LLM-as-a-Judge is one of the most widely-used techniques for evaluating LLM outputs, but how exactly should we implement LLM-as-a-Judge?
To answer this question, let’s look at a few widely-cited papers / blogs / tutorials, study their exact implementation of LLM-as-a-Judge, and try to find some useful patterns.
(1) Vicuna was one of the first models to use LLMs as an evaluator. Their approach is different depending on the problem being solved. Separate prompts are written for i) general, ii) coding, and iii) math questions. Each domain-specific prompt introduces some extra, relevant details compared to the vanilla prompt. For example:
- The coding prompt provides a list of desirable characteristics for a good solution.
- The math prompt asks the judge to first solve the question before generating a score.
Interestingly, the judge is given two model outputs within its prompt, but it is asked to score each output on a scale of 1-10 instead of just choosing the better output.
(2) AlpacaEval is one of the most widely-used LLM leaderboards, and it is entirely based on LLM-as-a-Judge!
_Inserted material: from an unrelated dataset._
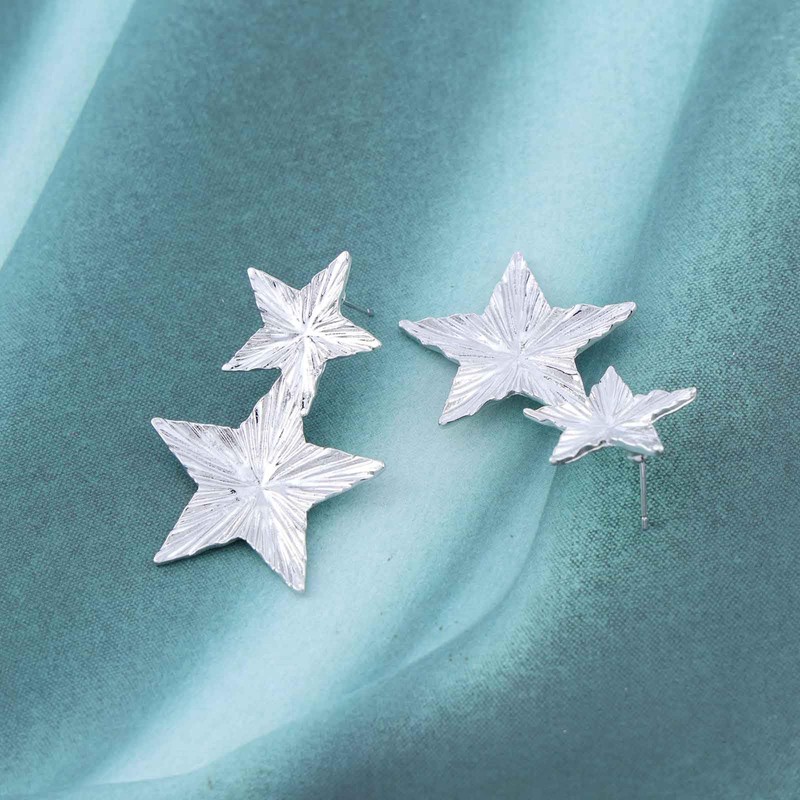 - Silver double star stud earrings.item details:handmade Item.size:as shown.color:silver.materials:ordinary alloy.location:ear.style:boho/vintage.there will be slight errors due to manual measurement.due to the shooting environment,there will be slight color difference

The current approach used by AlpacaEval is based upon GPT-4-Turbo and uses a very simple prompt that:
- Provides an instruction to the judge.
- Gives the judge two example responses to the instruction.
- Asks the judge to identify the better response based on human preferences.
Despite the simplicity, this strategy correlates very highly with human preference scores (i.e., 0.9+ Spearman correlation with chatbot arena).
(3) G-Eval was one of the first LLM-powered evaluation metrics that was shown to correlate well with human judgements. The key to success for this metric was to leverage a two-stage prompting approach. First, the LLM is given the task / instruction as input and asked to generate a sequence of steps that should be used to evaluate a solution to this task. This approach is called AutoCoT. Then, the LLM uses this reasoning strategy as input when generating an actual score, which is found to improve scoring accuracy!
(4) The LLM-as-a-Judge paper itself uses a pretty simple prompting strategy to score model outputs. However, the model is also asked to provide an explanation for its scores. Generating such an explanation resembles a chain-of-thought prompting strategy and is found to improve scoring accuracy. Going further, several different prompting strategies–including both pointwise and pairwise prompts–are explored and found to be effective within this paper.
Key takeaways. From these examples, we can arrive at a few common takeaways / learnings:
- LLM judges are very good at identifying responses that are preferable to humans (due to training with RLHF).
- Creating specialized evaluation prompts for each domain / application is useful.
- Providing a scoring rubric or list of desirable properties for a good solution can be helpful to the LLM.
- Simple prompts can be extremely effective (don’t make it overly complicated!).
- Providing (or generating) a reference solution for complex problems (e.g., math) is useful.
- CoT prompting (in various forms) is helpful.
- Both pairwise and pointwise prompts are commonly used.
- Pairwise prompts can either i) ask for each output to be scored or ii) ask for the better output to be identified.